So.. you may have realized that peach, like rhubarb is one of my ultimate FAVOURITE fruits – particularly to bake with. I love the way the flavour goes all sweet when baked – it reminds me of school desserts. Don’t worry, I loved my school dinners. The cooks were ACTUALLY called Mrs Cook and Ms. Pie… I know whenever I tell people this, they laugh and say… “you were in primary school and you were gullible.” true, but I still don’t think it was a lie. WHY would they lie about it, just WHY? I still hope and pray that it was one of those rare but amazing comic coincidences that are just awesome. Or maybe their names got them into cooking?!
So, here is the recipe, and it can be applied to any cake size – cupcakes, muffins or even a whole cake!

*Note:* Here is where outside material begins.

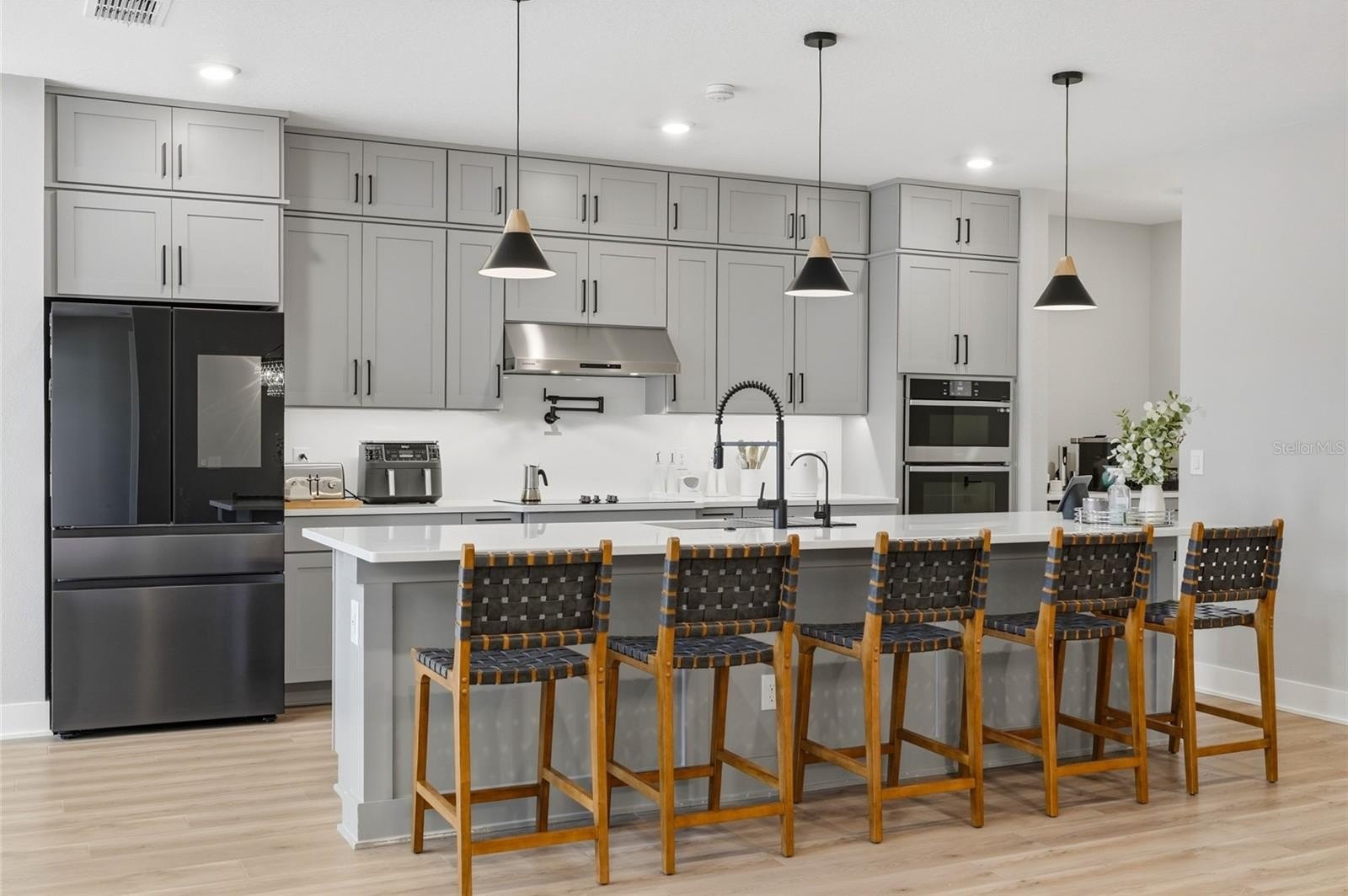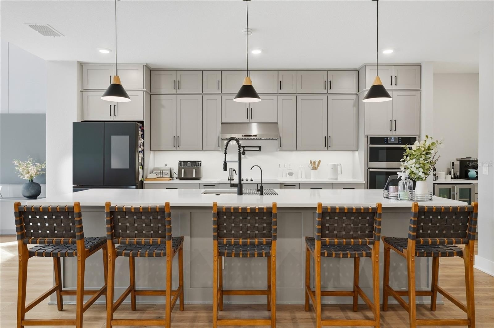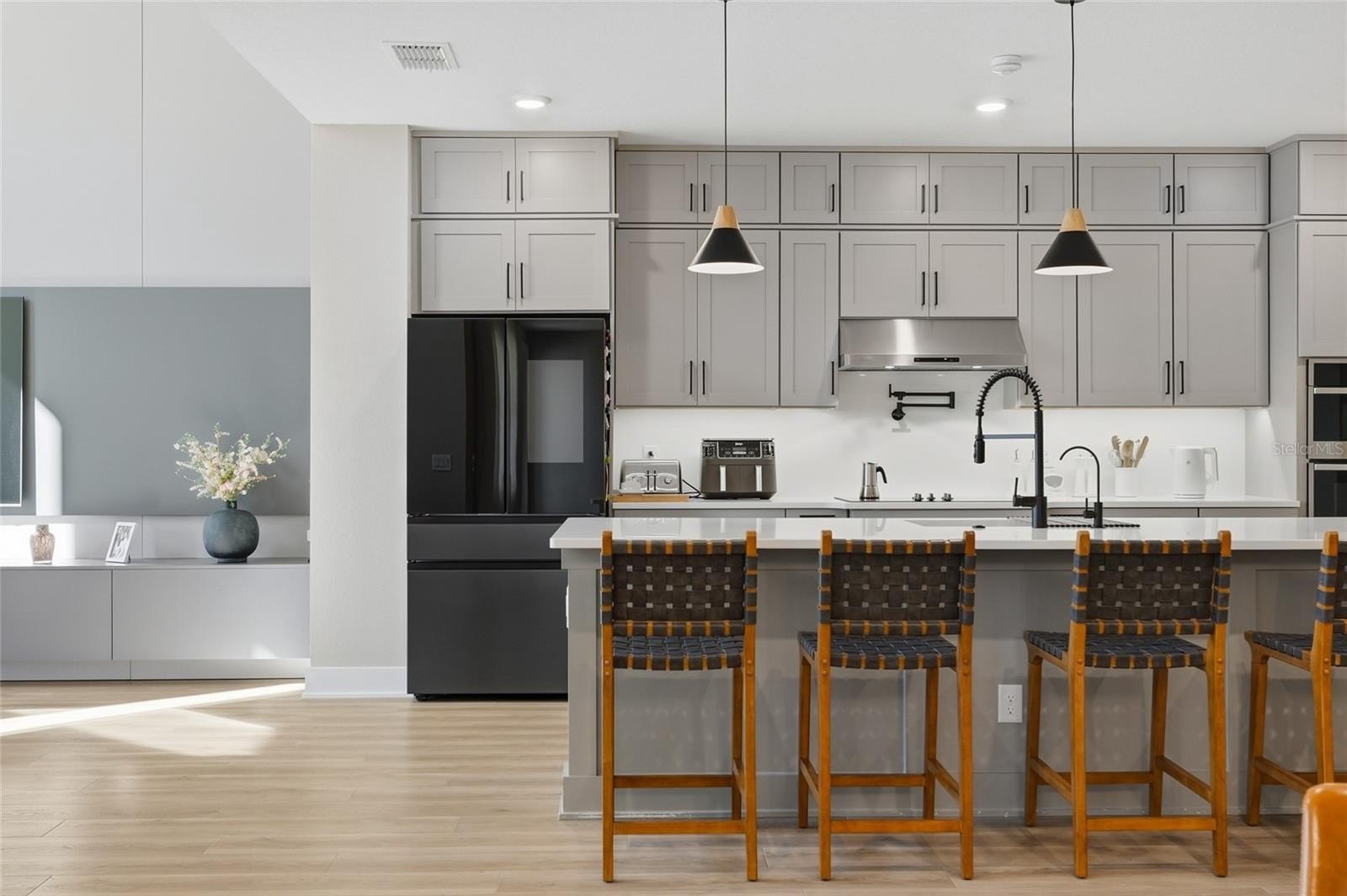 The open concept kitchen blends timeless finishes with modern functionality, featuring upgraded cabinetry, quartz countertops, refined plumbing fixtures, and carefully selected design details throughout. Over 115,000 dollars in builder design upgrades were invested into this home, in addition to custom improvements completed after construction.

Mini Bundts are not necessary – even though they are awesome.
110g caster sugar
2 eggs, lightly beaten
1 tsp vanilla extract
110g self-raising flour
1-2 tbsp milk
2 ripe peaches (or nectarines)
- Preheat the oven to 175°C and grease your baking tin (or mini bundt tin)
- Remove the stone from the peaches and cut up – put in a blender until they become the consistency between puree and juice.
- In a bowl, mix together all the ingredients (except the peaches) until throughly mixed
- Add the peach puree and fold in with a spoon
- Spoon into baking tray OR mini bundt dish (half way up each bundt mold)
- Bake for 12-15 minutes or until the sponge bounces back when touches
You can eat these warm with ice cream (vanilla) OR cold with tea.